WHAT TO PRODUCE
Shown below is a listing with pictures; reproduce exactly, and only, the lines between the ones containing "Qazaxıstan nümayəndə heyətinə" and "水屁成因對照表(短期 vs 慢性原因)", inclusive, leaving the pictures out.

STUDY MATERIAL
>>>

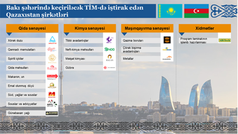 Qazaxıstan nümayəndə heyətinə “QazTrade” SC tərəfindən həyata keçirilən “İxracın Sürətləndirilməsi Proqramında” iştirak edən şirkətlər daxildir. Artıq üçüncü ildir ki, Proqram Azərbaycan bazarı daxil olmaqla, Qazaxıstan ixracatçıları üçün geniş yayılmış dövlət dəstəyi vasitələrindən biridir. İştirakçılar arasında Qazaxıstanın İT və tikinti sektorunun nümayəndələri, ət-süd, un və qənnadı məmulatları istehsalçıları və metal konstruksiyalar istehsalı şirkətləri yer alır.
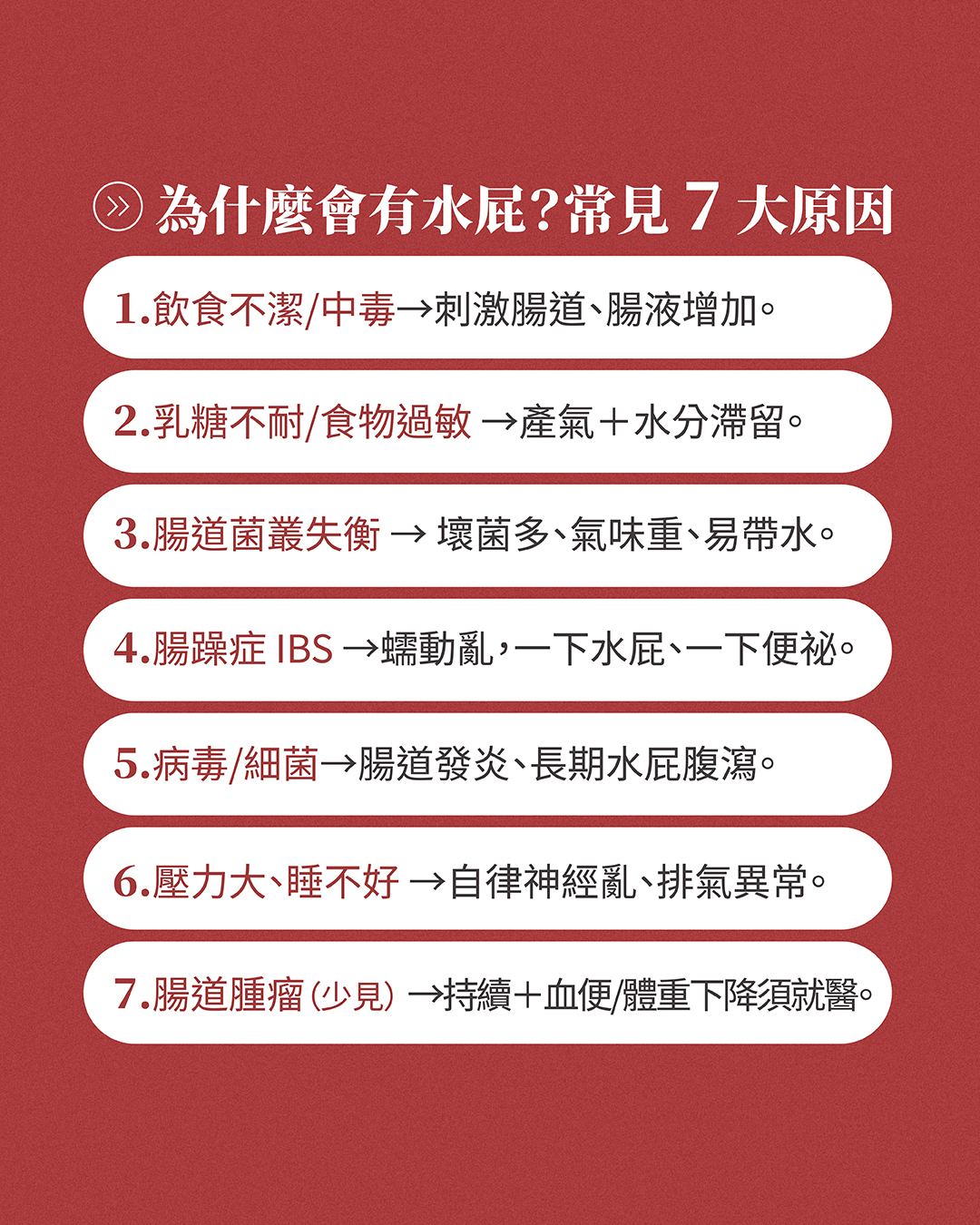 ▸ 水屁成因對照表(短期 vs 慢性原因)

<<<
>>>

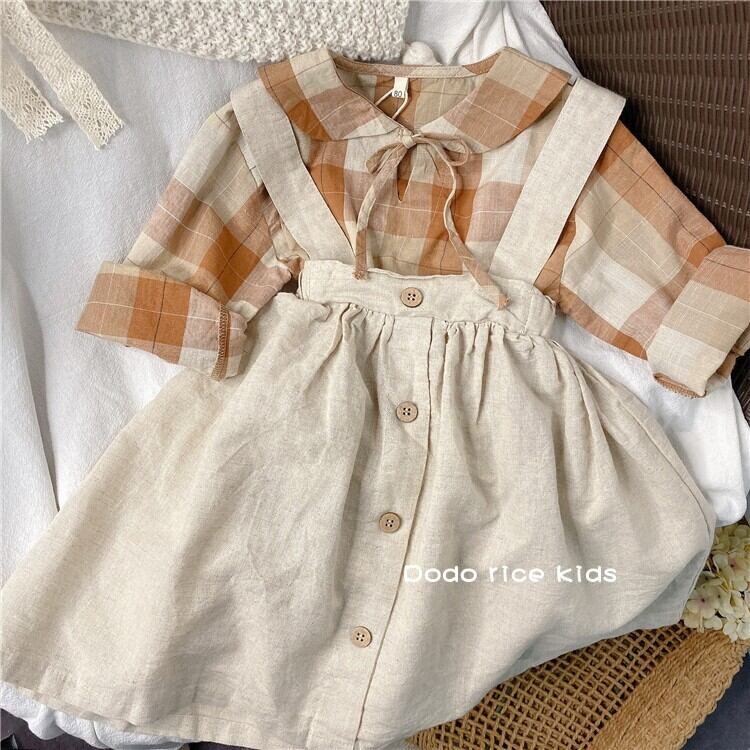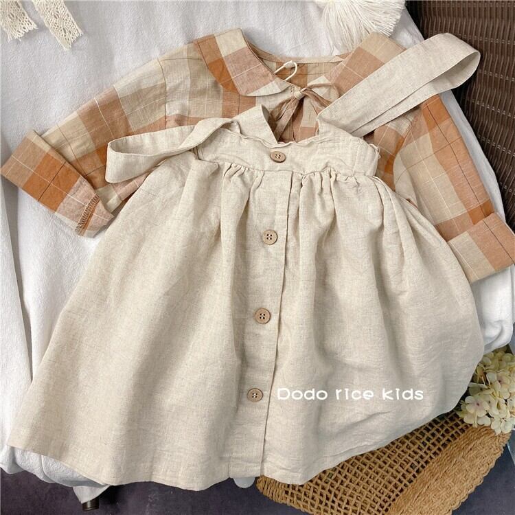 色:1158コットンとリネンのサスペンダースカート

<<<
>>>

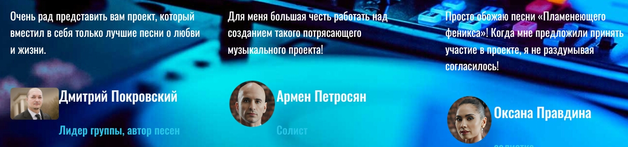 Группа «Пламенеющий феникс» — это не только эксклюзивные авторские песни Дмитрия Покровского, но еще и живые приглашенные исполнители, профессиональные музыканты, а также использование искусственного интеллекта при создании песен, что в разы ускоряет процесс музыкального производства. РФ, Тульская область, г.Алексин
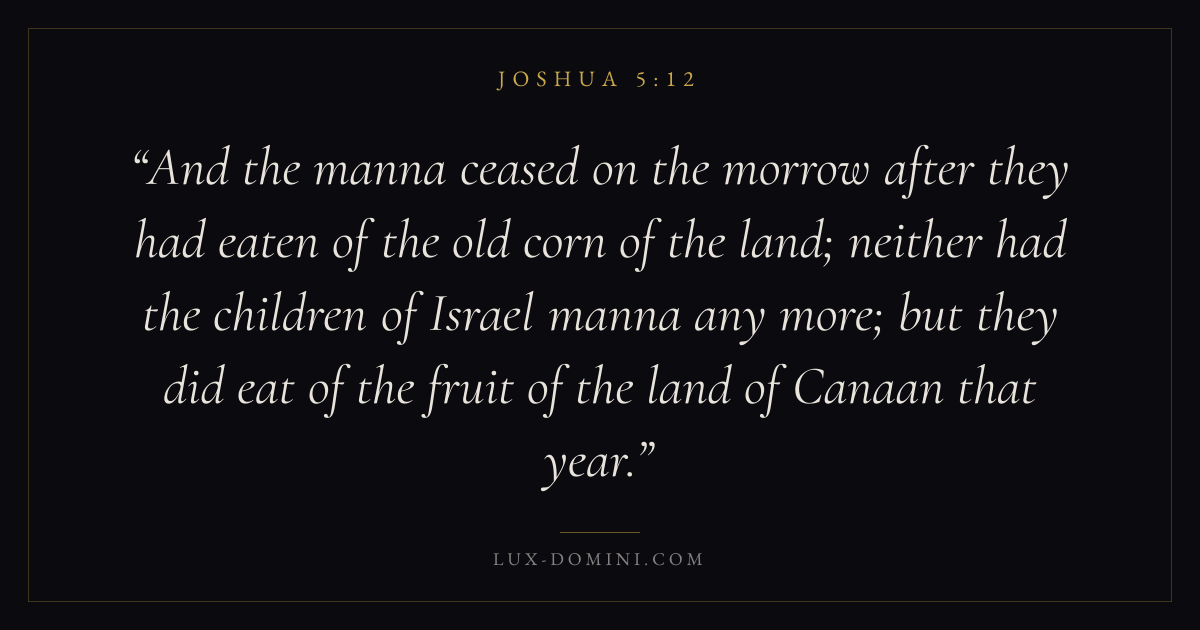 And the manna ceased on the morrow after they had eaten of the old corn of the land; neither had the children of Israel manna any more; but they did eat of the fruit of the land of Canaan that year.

<<<

SOLUTION FOR THIS PROBLEM
 Qazaxıstan nümayəndə heyətinə “QazTrade” SC tərəfindən həyata keçirilən “İxracın Sürətləndirilməsi Proqramında” iştirak edən şirkətlər daxildir. Artıq üçüncü ildir ki, Proqram Azərbaycan bazarı daxil olmaqla, Qazaxıstan ixracatçıları üçün geniş yayılmış dövlət dəstəyi vasitələrindən biridir. İştirakçılar arasında Qazaxıstanın İT və tikinti sektorunun nümayəndələri, ət-süd, un və qənnadı məmulatları istehsalçıları və metal konstruksiyalar istehsalı şirkətləri yer alır.
 ▸ 水屁成因對照表(短期 vs 慢性原因)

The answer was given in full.